Bury Free Press columnist Chris Boughton profiles The Suffolk Golf Club
With all UK golf clubs and courses still closed and no results or events to report on I have taken the opportunity to look back at the recent history of The Suffolk Golf Club.
In October 2015 a new owner took over what was then called the Suffolk Golf and Country Club, in the Lark Valley at Fornham.
Eight months later, Free Press sports editor, Russell Claydon, visited the golf club and met up with director of golf Steve Hall and president Peter Plumb to report on the major investment programme that was already under way.
Four and half years later and the club, now called The Suffolk GC, has undergone a major transformation.
There is now a new impressive golf clubhouse located on the site of the old putting green, by the first teeThere is also a new greenkeepers’ facility in the lower car park complete with a fleet of new machinery.
The golf changing rooms have been upgraded, including new lockers and a wet room.
The course has also been transformed – the irrigation has been radically improved, as have the fairways and greens. Drainage work continues and Hall says; “It is functioning better than it ever has.”

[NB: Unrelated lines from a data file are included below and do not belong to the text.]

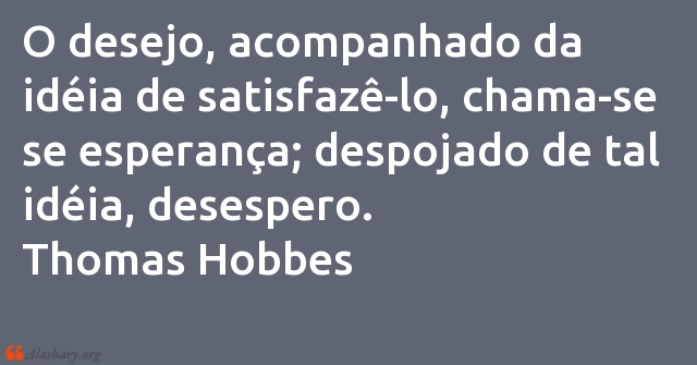 O desejo, acompanhado da idéia de satisfazê-lo, chama-se se esperança; despojado de tal idéia, desespero. Thomas Hobbes
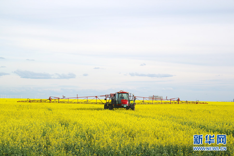 7月21日,一輛自走式噴藥機正在內蒙古呼倫貝爾市謝爾塔拉農(nóng)場對油菜花進行追肥作業(yè)。(新華網(wǎng) 汪亞/攝)
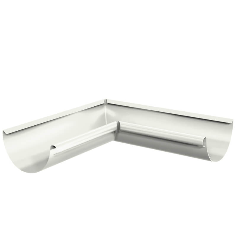 Угол желоба водостока внутренний 90 градусов d125мм RAL 9010 Белый металлический
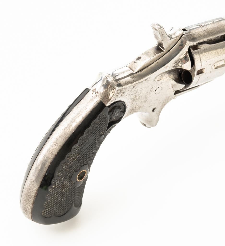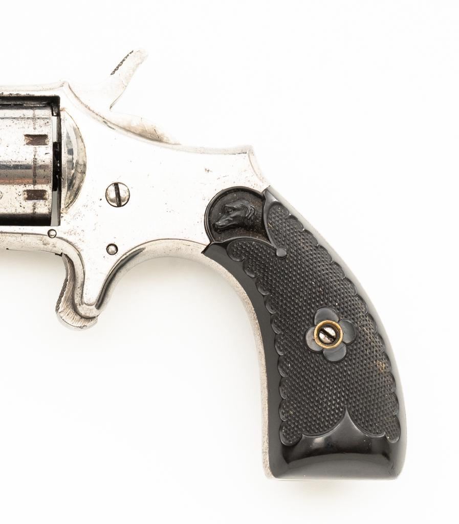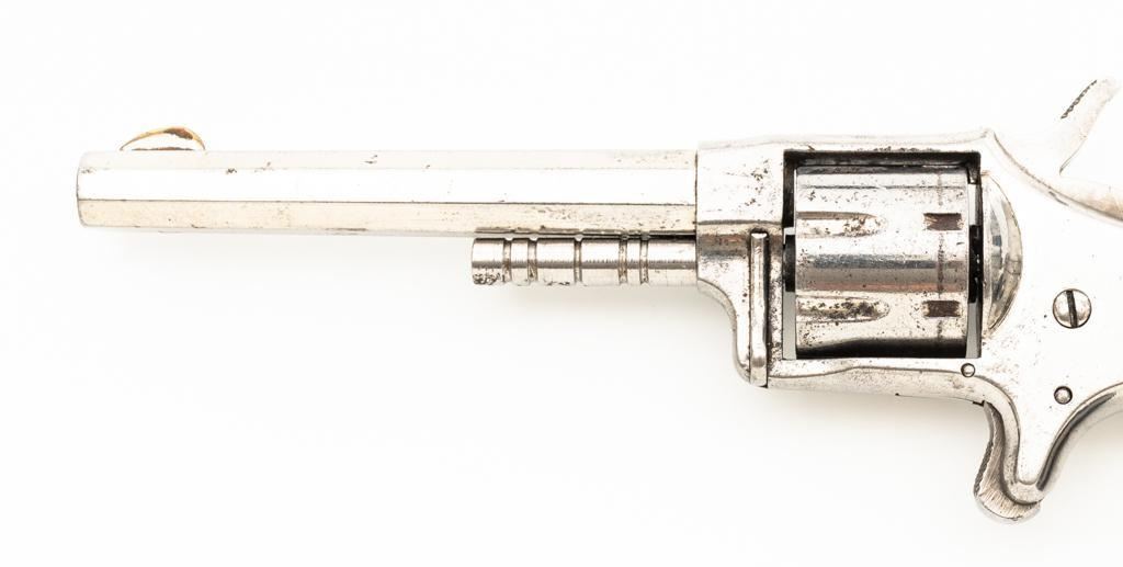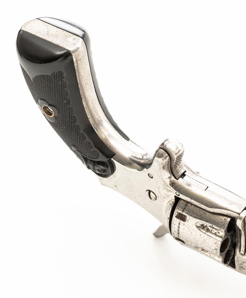 CZAR'' Spur Trigger Seven-Shot Revolver by Hopkins & Allen, #2514, .22 cal., 3.5'' octagon barrel, fluted cylinder, nickel finish, two-piece checkered gutta percha type black grips with dog's head emblem at the top of each panel; fixed blade front sight and notched rear sight. Interior of the right grip panel with matching serial number. Marked ''CZAR'' on the top strap and ''PAT. MCH 28. 73 MAY 27. 79'' on top of the barrel. Mfg'd circa late-1800's. Overall condition is good as refinished, showing most of its nickel finish, with scattered old pitting. Grips are fine. Action functions well. Bore is fair, with visible rifling and scattered erosion. Est.: $150-$250. (Antique)
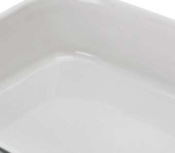 Travessa refratária retangular em vidro martelado, resistente a altas temperaturas. Perfeita para assar, servir e armazenar alimentos em restaurantes, hotéis ou residências. Dimensões: 30x21x7cm. Cor: Branca. Tags: travessa refratária, assadeira de vidro, recipiente para forno, servir alimentos, Certa.
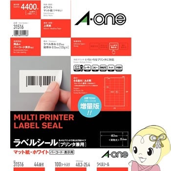 商品コード:CR-09073エーワン 31516 ラベルシール (プリンタ兼用) マット紙 100枚入【送料別】
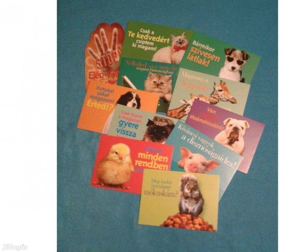 Eladó a képen látható többféle vicces írható képeslap. Ára: 200 Ft/db.
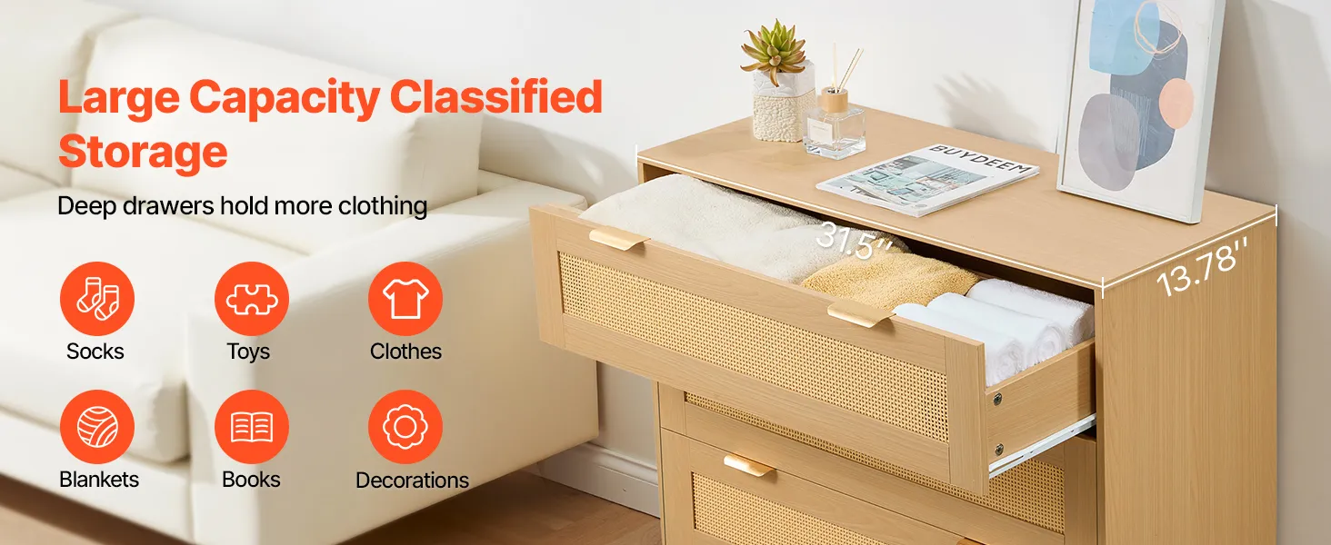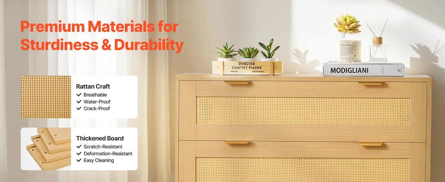 Onze rotan kast is voorzien van metalen handgrepen voor een comfortabele grip en soepel lopende lades. De stevige poten en het anti-kantelmechanisme zorgen voor betrouwbaar gebruik, zijn bestand tegen dagelijkse slijtage en behouden hun als nieuw uiterlijk jarenlang.
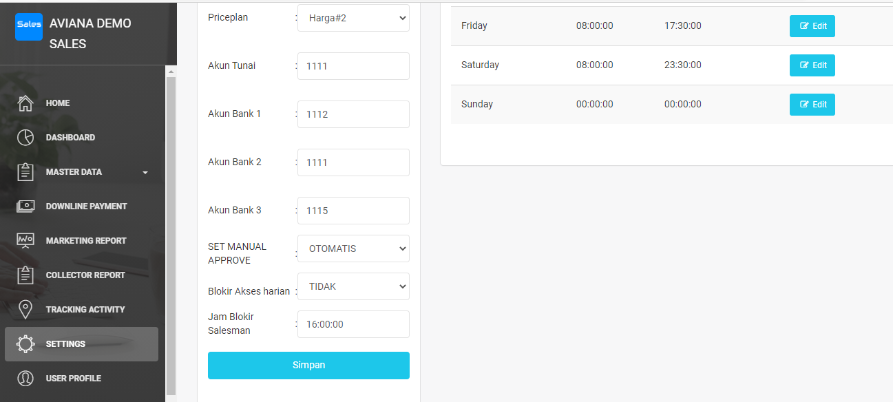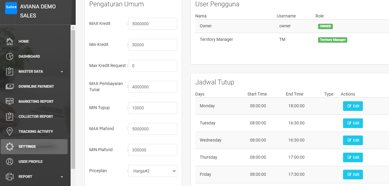 Menu setting adalah menu dimana admin dapat mengatur maximal kredit, minimal kredit, maximal pembayaran, top up dan plafon ke toko sesuai dengan kebijakan perusahaan pada pengaturan umum. Selain itu admin juga dapat mengatur user pengguna, jam buka dan jadwal tutup.
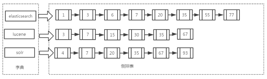 在倒排表中,“lucene”指向有序链表3,7,15,30,35,67,表示字符串“lucene”在文档编号为3、7、15、30、35、67的文章中出现过,elasticsearch和solr同理。
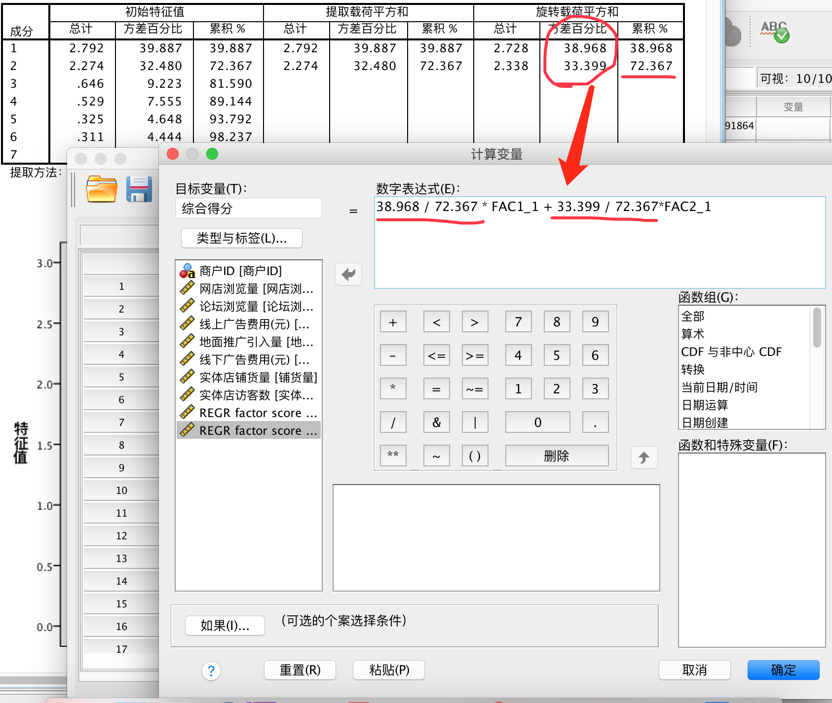 公式:第一個因子占的加權比重數*第一個因子得分+第二個因子占的加權比重數*第二個因子得分
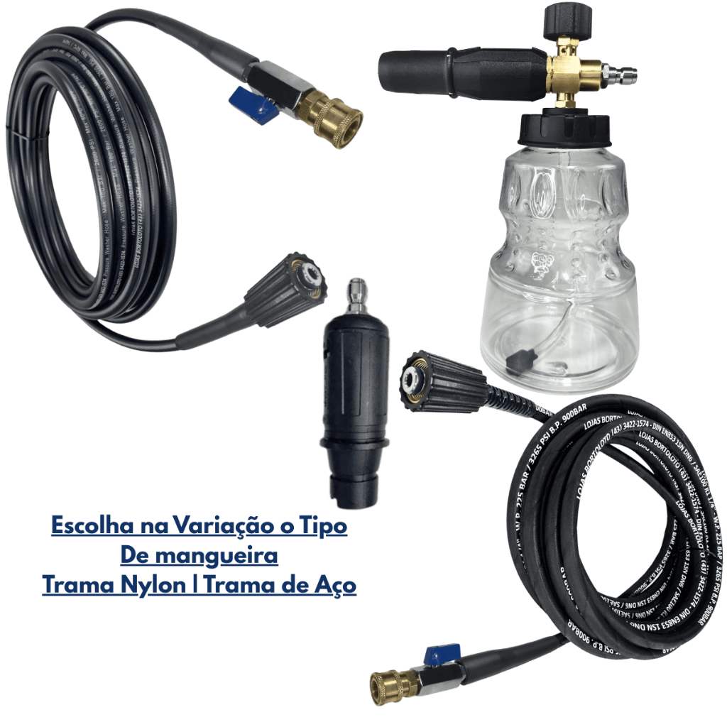 KIT COMPLETO MANGUEIRA TRAMA DE NYLON OU AÇO + SNOW FOAM PARA LAVADORA DE ALTA PRESSÃO DOMESTICA PADRÃO M22-14 PARA KARCHER O kit inclui: Bico curto com jato regulável (reto e leque) com engate rápido; Mini registro abre/fecha com engate rápido; Mangueira de alta pressão com trama de nylon ou aço super resistente; Snow foam de excelente qualidade com engate rápido; Compatível somente com lavadoras de alta pressão especificadas no anúncio. Características do Kit • Bico Curto: Ideal para locais pequenos e de difícil acesso, permitindo direcionar o jato com precisão. Possui 2 modos de jato: Reto (concentrado): indicado para limpezas pesadas; Leque (vassourinha): ideal para limpezas leves e rápidas. • Mini Registro: Ao fechar, aciona o sistema “stop total” da lavadora, permitindo troca rápida de acessórios com segurança. • Mangueira com Trama de Nylon ou Aço Interna: Fabricada especialmente para lavadoras de alta pressão. Resistente, flexível e durável, que evita rachaduras e protege contra abrasão, óleo e intempéries. Obs: Conectores/manoplas podem ter aparência diferente da original, mas possuem medidas e roscas compatíveis com o modelo informado. • Snow Foam: Alta eficiência em produção de espuma. Possui regulagem de jato leque e controle da quantidade de shampoo, garantindo melhor aproveitamento do produto. Ideal para uso geral, principalmente na lavagem automotiva. Informações adicionais Produto novo, com garantia e envio imediato. Garantia 90 dias para defeitos de fabricação. (Não cobre danos por mau uso.)
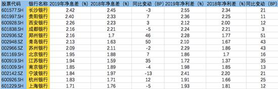根据澎湃新闻梳理,净利差方面,13家A股上市城商行中,2019年,长沙银行的净利差最高,达到2.55%,江苏银行净利差最低,为1.72%;相对于2018年,这13家城商行净利差均上升,其中郑州银行、青岛银行、苏州银行净利差增幅较大,分别增加了51BP(基点,下同)、43BP、43BP。净息差方面,13家城商行中,有6家城商行净息差较上年下降。
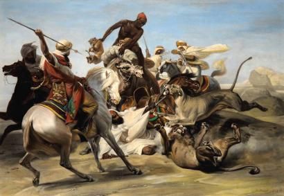 La chasse au lion dans le désert

When I spoke to Hall last week, he said that improvements to all aspects of the golf course will be ongoing and re-iterated what he had said to Russell Claydon in 2016: “Along with the improvements to the facilities the golf club will retain its down-to-earth, positive, relaxed and friendly atmosphere.”
Hall and his assistant Adam Trett have done an impressive job managing and implementing the changes at The Suffolk, despite a challenging nationwide golf business climate.
The golf club’s membership has increased by a net 44 per cent since 2016, including new members, juniors and returning members who left during the dark years of under investment and neglect.
The views from the clubhouse, across the golf course (set in the Lark Valley) are stunning, as they have always been.
A wider view across the golf course can also now be enjoyed from the rooftop bar which is attached to the All Saints Hotel.
The clubhouse is connected to the refurbished golf changing rooms via a covered walkway.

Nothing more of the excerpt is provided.